Dr. Kai Wang joined CEHMS, Virginia Tech as a Postdoctoral Associate in 2017 after his graduation from The University of Akron. In the fall of 2018, Kai joined Pennsylvania State University as a Research Assistant Professor in the College of Earth and Mineral Sciences, Department of Materials Science and Engineering. His research interests include halide perovskite photovoltaics, two-dimensional multiple quantum well physics, and bioelectronics.

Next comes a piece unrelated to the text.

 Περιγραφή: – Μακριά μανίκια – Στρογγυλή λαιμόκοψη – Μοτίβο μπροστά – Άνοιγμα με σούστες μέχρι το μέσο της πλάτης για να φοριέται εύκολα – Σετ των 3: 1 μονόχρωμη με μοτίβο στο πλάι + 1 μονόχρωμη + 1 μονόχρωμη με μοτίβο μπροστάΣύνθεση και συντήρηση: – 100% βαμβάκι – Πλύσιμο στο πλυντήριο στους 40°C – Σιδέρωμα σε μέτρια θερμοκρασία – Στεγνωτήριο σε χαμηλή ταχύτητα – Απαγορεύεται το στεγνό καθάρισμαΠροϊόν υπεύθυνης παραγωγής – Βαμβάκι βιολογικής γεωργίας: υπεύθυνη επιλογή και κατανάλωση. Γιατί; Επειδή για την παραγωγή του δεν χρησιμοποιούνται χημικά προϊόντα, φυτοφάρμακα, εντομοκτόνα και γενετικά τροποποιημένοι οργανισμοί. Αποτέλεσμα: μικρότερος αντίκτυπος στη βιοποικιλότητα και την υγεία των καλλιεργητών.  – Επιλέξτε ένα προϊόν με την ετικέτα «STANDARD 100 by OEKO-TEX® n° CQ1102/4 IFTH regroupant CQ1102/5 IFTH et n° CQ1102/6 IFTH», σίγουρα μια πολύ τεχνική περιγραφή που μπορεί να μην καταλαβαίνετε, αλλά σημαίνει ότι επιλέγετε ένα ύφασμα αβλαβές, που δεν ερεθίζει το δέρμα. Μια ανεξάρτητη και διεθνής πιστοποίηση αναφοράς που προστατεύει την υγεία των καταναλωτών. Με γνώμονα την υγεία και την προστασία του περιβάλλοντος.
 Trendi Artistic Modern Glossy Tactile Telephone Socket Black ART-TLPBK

Dr. Shashank Priya currently serves as the Associate Vice President for Research and Director, Strategic Initiatives at Pennsylvania State University. He is a professor in the Department of Materials Science and Engineering at Pennsylvania State University and Adjunct Professor in the Department of Mechanical Engineering at Virginia Tech. Priya's research focuses on the intersection of multifunctional materials, bio-inspired systems and technologies, and energy harvesting and storage. As the principal investigator, he leads multiple programs targeting the development of thermoelectrics, photovoltaics, piezoelectrics, and other emerging energy-conversion and storage devices.

Dr. Dong Yang worked with Professor Shengzhong (Frank) Liu in Shaanxi Normal University, China since 2014 and became a full professor in 2017. Dong joined Virginia Tech in 2017 and moved to Pennsylvania State University in the fall of 2018 as Research Assistant Professor. His research interests include solar cells, semiconductor materials, materials science, and engineering of graphene carbon materials.

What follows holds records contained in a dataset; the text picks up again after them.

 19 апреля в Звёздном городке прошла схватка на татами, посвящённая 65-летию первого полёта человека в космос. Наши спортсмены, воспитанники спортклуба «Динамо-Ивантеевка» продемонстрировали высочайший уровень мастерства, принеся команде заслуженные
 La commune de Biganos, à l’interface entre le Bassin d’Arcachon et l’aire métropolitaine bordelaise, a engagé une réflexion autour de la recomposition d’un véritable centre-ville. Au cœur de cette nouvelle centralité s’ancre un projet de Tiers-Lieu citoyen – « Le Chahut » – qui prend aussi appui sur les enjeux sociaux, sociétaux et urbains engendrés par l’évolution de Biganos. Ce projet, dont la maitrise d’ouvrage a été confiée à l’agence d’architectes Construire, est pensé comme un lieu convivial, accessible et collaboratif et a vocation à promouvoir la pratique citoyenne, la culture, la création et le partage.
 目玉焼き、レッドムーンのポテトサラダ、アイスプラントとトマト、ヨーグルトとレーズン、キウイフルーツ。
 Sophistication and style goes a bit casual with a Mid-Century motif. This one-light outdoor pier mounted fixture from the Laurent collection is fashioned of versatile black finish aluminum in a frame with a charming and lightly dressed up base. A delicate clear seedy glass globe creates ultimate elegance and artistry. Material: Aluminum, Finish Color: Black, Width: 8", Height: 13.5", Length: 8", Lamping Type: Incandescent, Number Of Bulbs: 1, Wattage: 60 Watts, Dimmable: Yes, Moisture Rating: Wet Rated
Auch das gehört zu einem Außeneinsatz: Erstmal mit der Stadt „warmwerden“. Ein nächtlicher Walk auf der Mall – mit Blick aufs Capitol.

Dr. Congcong Wu has led the solar cell team in CEHMS, Virginia Tech since 2014. In the fall of 2018, Congcong joined Pennsylvania State University as Research Associate Professor. His research mainly focuses on developing next-generation photovoltaic systems for clean and efficient energy conversion.

Dr. Joe Shapter received his PhD in Reaction Dynamics from the University of Toronto in 1990. He subsequently held an NSERC Fellowship at The University of Western Ontario before moving to Australia in 1996 to take up a position at Flinders University. Joe served as Dean of the School of Chemical and Physical Sciences for 6.5 years and headed the Flinders involvement in both the Australian Microscopy and Microanalysis Research Facility (AMMRF) and the Australian National Fabrication Facility (ANFF), and was SA Director for AMMRF. His major interests are in the area of novel nanomaterial production, nanometer-scale characterization of these materials, and their applications in, for example, sensors or solar cells.